Sean Christopherson June 28, 2023, 10:57 p.m. UTC | #1
On Fri, Jun 16, 2023, Yan Zhao wrote:
> Move code in vmx.c to get cache disabled memtype when non-coherent DMA
> present to x86 common code.
> 
> This is the preparation patch for later implementation of fine-grained gfn
> zap for CR0.CD toggles when guest MTRRs are honored.
> 
> No functional change intended.
> 
> Signed-off-by: Yan Zhao <yan.y.zhao@intel.com>
> ---
>  arch/x86/kvm/mtrr.c    | 19 +++++++++++++++++++
>  arch/x86/kvm/vmx/vmx.c | 10 +++++-----
>  arch/x86/kvm/x86.h     |  1 +
>  3 files changed, 25 insertions(+), 5 deletions(-)
> 
> diff --git a/arch/x86/kvm/mtrr.c b/arch/x86/kvm/mtrr.c
> index 3ce58734ad22..b35dd0bc9cad 100644
> --- a/arch/x86/kvm/mtrr.c
> +++ b/arch/x86/kvm/mtrr.c
> @@ -721,3 +721,22 @@ bool kvm_mtrr_check_gfn_range_consistency(struct kvm_vcpu *vcpu, gfn_t gfn,
>  
>  	return type == mtrr_default_type(mtrr_state);
>  }
> +
> +void kvm_mtrr_get_cd_memory_type(struct kvm_vcpu *vcpu, u8 *type, bool *ipat)

Hmm, I'm not convinced that this logic is subtle enough to warrant a common
helper with out params (I *really* don't like out params :-) ).

UC, or more specifically CR0.CD=1 on VMX without the quirk, is a super special case,
because to faithfully emulatee "No Fill" mode, KVM needs to ignore guest PAT (stupid WC).

I don't love having the same logic/assumptions in multiple places, but the CR0.CD=1
behavior is so rigidly tied to what KVM must do to that I think trying to provide a
common helper makes the code more complex than it needs to be.

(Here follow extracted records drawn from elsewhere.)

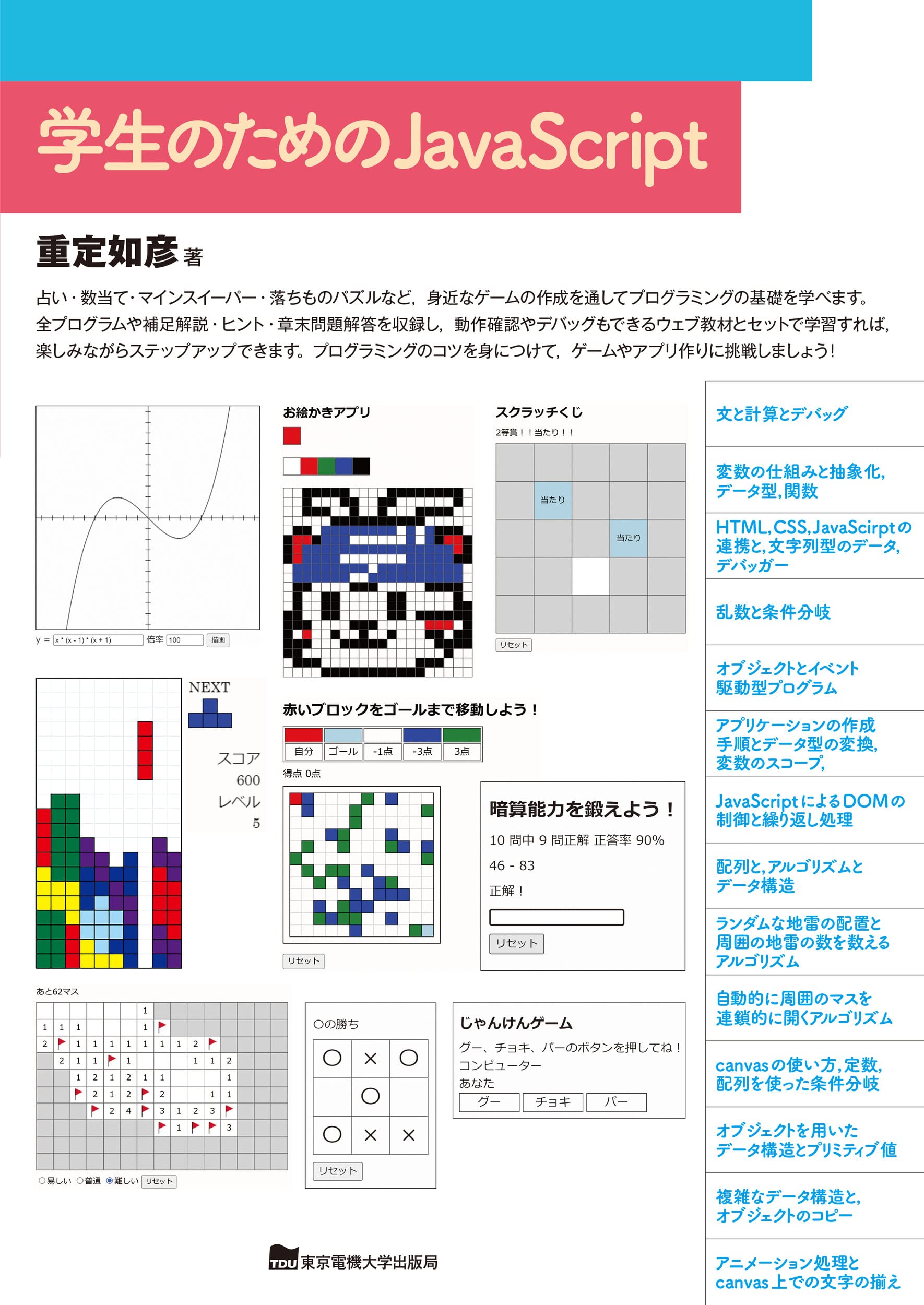 ![]() 占いや数当て、マインスイーパー、落ちものパズルなどの身近なゲーム作成を通して楽しみながらJavaScriptを学ぶ。ウェブ教材による詳細な解説も提供。 |
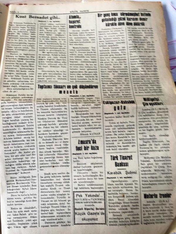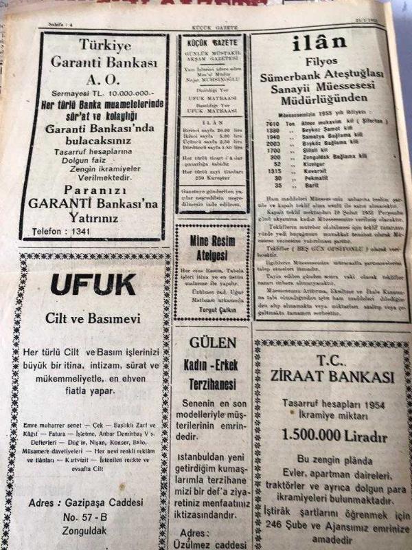 ZONGULDAK KÜÇÜK GAZETE YEREL TAŞRA BASINI - - 21 OCAK 1955 -YIL :3 SAYI :382- Valimiz yarın Ereğli 'ye gidiyor Kazım ARAT 'ın Avdette Devrek 'e Uğraması Muhtemeldir - Kont Bernadot gibi ... yazan :Nejat Muhsinoğlu - Demokrat Parti Meşrutiyet Ocağının Kongresi -Kira kanunun son şeklini aldı - Amasra da feci işçisi sitesi - İç Haberler : Gülhane parkı altıncı çiçek ve bahar bayramı bu yıl 20 Mayıs da başlayacak - Yıpranma, sararmalar, kupon kesiği ve yırtılmalar zamana bağlı olarak görülebilir.
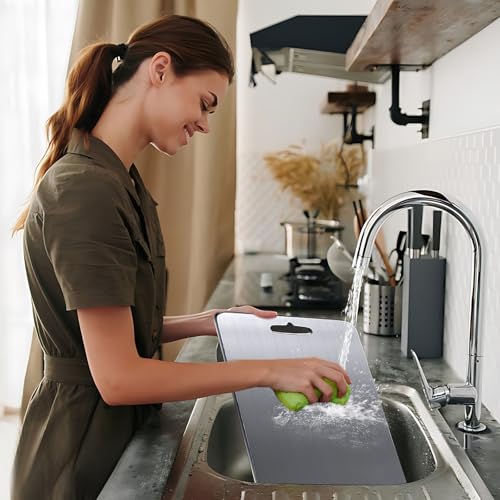 - 【سهل التنظيف】- يتميز لوح التقطيع المصنوع من التيتانيوم بسطح غير مسامي لتجنب بقايا الطعام وهو سهل التنظيف للغاية، ما عليك سوى شطفه بالماء. لا يمتص السوائل والطعام، مما يحافظ على سطح اللوح صحيًا

If we open code the logic in the MTRR helper, than I think it can be distilled
down to:

	struct kvm_mtrr *mtrr_state = &vcpu->arch.mtrr_state;
	bool mtrr_enabled = mtrr_is_enabled(mtrr_state);
	u8 default_type;

	/*
	 * Faithfully emulating CR0.CD=1 on VMX requires ignoring guest PAT, as
	 * WC in the PAT overrides UC in the MTRRs.  Zap all SPTEs so that KVM
	 * will once again start honoring guest PAT.
	 */
	if (!kvm_check_has_quirk(vcpu->kvm, KVM_X86_QUIRK_CD_NW_CLEARED))
		return kvm_mtrr_zap_gfn_range(vcpu, gpa_to_gfn(0), gpa_to_gfn(~0ULL));

	default_type = mtrr_enabled ? mtrr_default_type(mtrr_state) :
				      mtrr_disabled_type(vcpu);

	if (default_type != MTRR_TYPE_WRBACK)
		return kvm_mtrr_zap_gfn_range(vcpu, gpa_to_gfn(0), gpa_to_gfn(~0ULL));

	if (mtrr_enabled) {
		if (gather_non_wb_fixed_mtrrs(vcpu, MTRR_TYPE_WRBACK))
			goto fail;

		if (gather_non_wb_var_mtrrs(vcpu, MTRR_TYPE_WRBACK))
			goto fail;

		kvm_zap_or_wait_mtrrs(vcpu->kvm);
	}

and this patch goes away.

> +{
> +	/*
> +	 * this routine is supposed to be called when guest mtrrs are honored
> +	 */
> +	if (unlikely(!kvm_mmu_honors_guest_mtrrs(vcpu->kvm))) {

I don't think this is worth checking, e.g. this would be WARN-worthy if it weren't
for an otherwise benign race with device (un)assignment.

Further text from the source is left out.